Enclosure, Glentaneatnagh, Co. Cork
Co. Cork |
Enclosures
On the western bank of the Ownagluggin River in County Cork, a low mound sits in rough ground, its outline easy to mistake for a natural rise in the earth.
It is not. The subrectangular raised area, measuring roughly twelve metres on its longer axis and eight and a half on its shorter, is the remains of a small enclosure defined by an earthen bank, the kind of enclosure that appears throughout Ireland in various forms and periods, used historically for purposes ranging from settlement and livestock management to ritual activity. What makes this particular example quietly notable is the way its bank behaves: on the south-east side, the face that looks towards the river, the outer wall of the bank climbs to 1.2 metres, considerably higher than anywhere else along its circuit, as though it was deliberately built up to present a more pronounced face to the water.

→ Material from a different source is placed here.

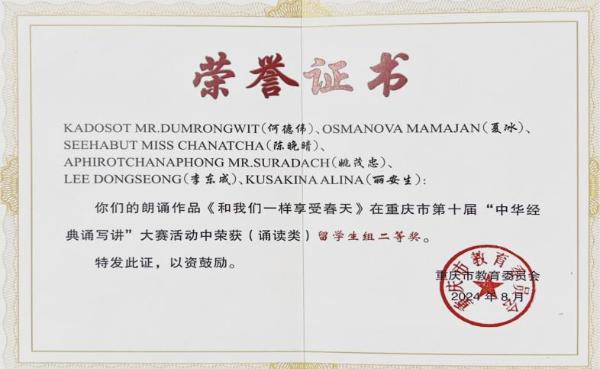 公司国际员工在2024国际中文日HSK短视频大赛中荣获一等奖
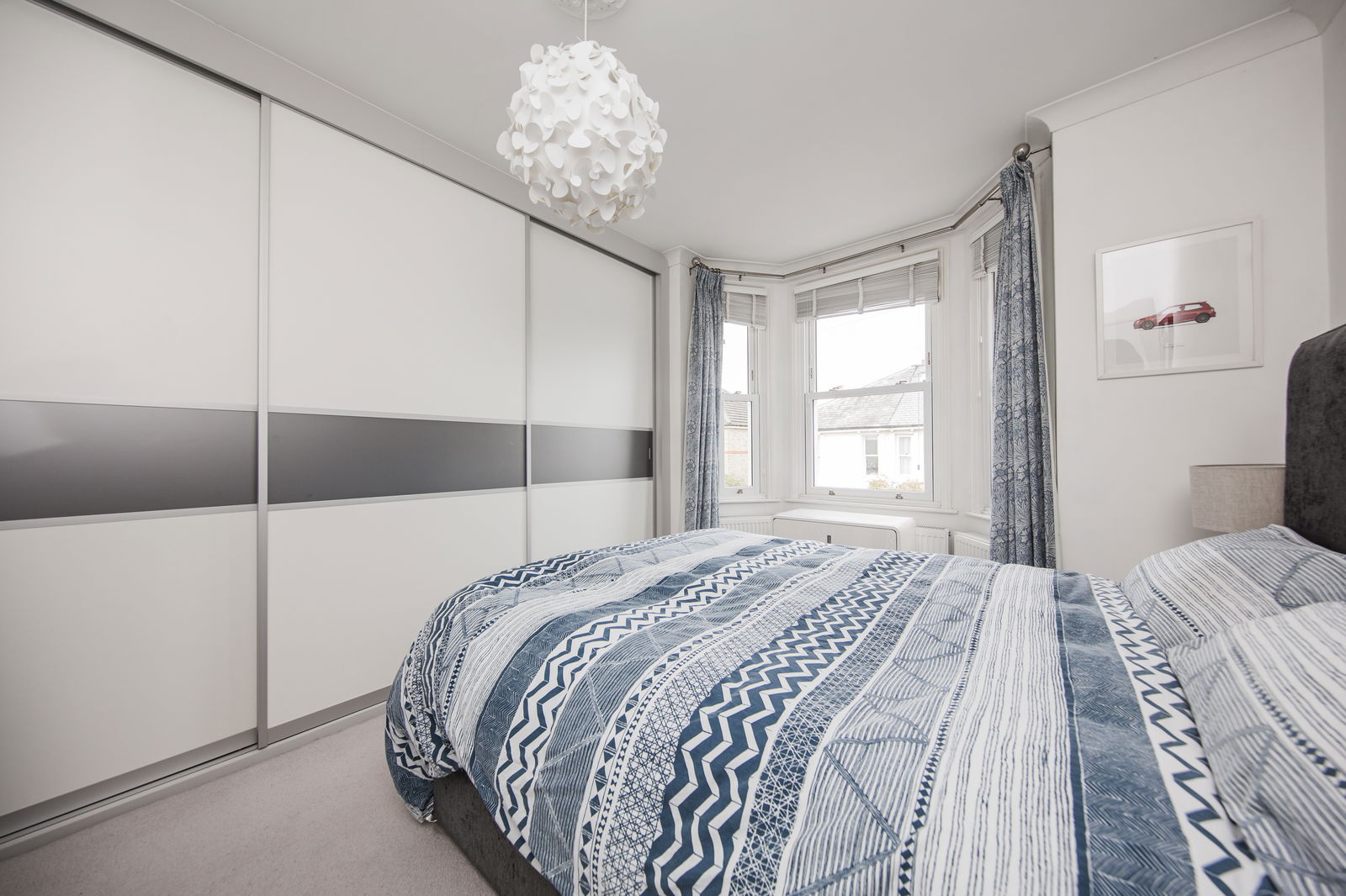 MASTER BEDROOM: A large double bedroom with a good range of built-in wardrobes, radiators. Double glazed sash bay window to front.

A stone-faced scarp extends roughly ten metres to the north-east from the enclosure's north-east end, and the 1842 Ordnance Survey six-inch map, one of the earliest systematic cartographic surveys of Irish townlands, shows this feature continuing as a field boundary running parallel to the river for around a hundred metres before meeting a perpendicular field system. That the enclosure was already being absorbed into an agricultural landscape by the mid-nineteenth century tells us something about how ancient features tend to survive in Ireland: not through deliberate preservation but through gradual incorporation, their original purpose forgotten while their physical form goes on serving some newer, more mundane function. By the time the site was recorded, cattle grazing had worn down much of the bank, and furze had begun to reclaim the rest.